Of course, law enforcement wants to keep the database of
fingerprints of known CSAM confidential, in particular to prevent
child abusers to evade detection. But a straightforward
implementation of client side scanning stores the full database of all
these fingerprints on the device of the user. (This is how
Apple’s proposed
and lather withdrawn system was supposed to work.) Even if this
database is scrambled, experience shows that skilful and determined
attackers will eventually be able to retrieve such a database. An
alternative would be to only store a copy of the database at the
messaging service provider and implement an interactive private
matching protocol, where the device proves to the service it is
not sending an image with a fingerprint in the database. This
would surely increase the load on the messaging service provider
beyond acceptable levels as it would have to run such a protocol for
each and every image being sent. Even if this turns out to be
inefficient but doable, this still depends on the messaging service
providers to properly guard this database and keep the fingerprints
confidential. And on the protocol being able to protect even against a
malicious device set to learn which fingerprints lead to a match. It
thus appears likely the database of fingerprints of known CSAM
eventually leaks. Edited on 2023-10-10 because it is more
complicated than I originally thought. This is of course a bad
idea, so Apple’s proposed
and lather withdrawn system stores a blinded copy of the
fingerprints on the device of the user (thus making it mathematically
impossible to recover the actual CSAM fingerprints), and uses a
relatively straightforward set intersection protocol to find matches
on the server. This does increase the load on the client, the network
and the server somewhat, because with every encrypted image an
additional ‘safety voucher’ needs to be computed, sent, and matched.

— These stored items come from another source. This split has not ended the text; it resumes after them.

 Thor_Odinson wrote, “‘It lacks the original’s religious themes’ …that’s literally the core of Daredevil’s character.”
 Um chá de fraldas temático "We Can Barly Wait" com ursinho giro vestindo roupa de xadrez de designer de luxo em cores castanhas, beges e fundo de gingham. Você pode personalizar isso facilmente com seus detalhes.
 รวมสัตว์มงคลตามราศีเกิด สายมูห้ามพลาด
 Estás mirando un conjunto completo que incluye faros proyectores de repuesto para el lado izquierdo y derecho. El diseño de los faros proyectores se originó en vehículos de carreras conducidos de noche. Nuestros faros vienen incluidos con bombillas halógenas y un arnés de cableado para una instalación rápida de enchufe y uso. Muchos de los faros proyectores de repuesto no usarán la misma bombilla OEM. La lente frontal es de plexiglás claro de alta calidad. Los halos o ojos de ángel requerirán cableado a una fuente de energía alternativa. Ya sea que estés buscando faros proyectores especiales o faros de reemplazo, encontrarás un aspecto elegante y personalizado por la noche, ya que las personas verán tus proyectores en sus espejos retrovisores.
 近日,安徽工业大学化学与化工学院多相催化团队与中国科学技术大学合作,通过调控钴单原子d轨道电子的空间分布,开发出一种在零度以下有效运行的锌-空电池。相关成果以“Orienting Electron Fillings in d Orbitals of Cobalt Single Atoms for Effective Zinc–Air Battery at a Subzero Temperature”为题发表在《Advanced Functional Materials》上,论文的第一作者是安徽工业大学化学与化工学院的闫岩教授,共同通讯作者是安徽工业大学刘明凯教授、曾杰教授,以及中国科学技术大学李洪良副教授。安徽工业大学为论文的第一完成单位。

But this only adds a linear cost, as images need to be encrypted, sent
and processed anyway. Note that if the server providers themselves are
not supposed to be involved in the matching process and learn the
outcome of the match, this infrastructure needs to be created and
maintained by the European abuse centre; this is a
significant cost. Because matches are only computed on the server, the
device does not learn whether a picture matches. This prevents
attackers to run a dictionary attack using the matching protocol
against the blinded database of fingerprints to find collisions.
Provided all providers use a similarly secure matching protocol,
leaking (a subset of) the database of fingerprints of known CSAM is
not really very likely.
Another question is whether the abuse centre can protect itself from such a DDoS attack. It is not immediately clear that it could: DDoS attacks are notoriously hard to defend against.
Of course the abuse centre quickly learns that certain fingerprints triggering such false positives are targeted by a DDoS attack. Removing these fingerprints from the database is clearly not an option, as this would prevent the detection of actual CSAM that matches these fingerprints. Perhaps the client-side scanning algorithm could be extended to do some additional testing when a match with a fingerprint of known CSAM is found, to filter out any known images used in a previous DDoS attack. This would lead to a cat and mouse game, with activists generating new trigger images that then need to be added to this ever growing pre-filtering database. It is unclear whether this converges to a situation that is manageable both for the abuse agency and the messaging service providers. And it is also unclear to what extent such pre-filtering could adversely affect the detection of actual CSAM.
Although the objectives and incentives are entirely different, the difficulty of designing sufficiently strong digital rights management systems should be a clear warning sign. And perhaps more thought should be devoted to determine whether such a DDoS threat can properly mitigated before pushing ahead with this (anyway ill-perceived) proposal.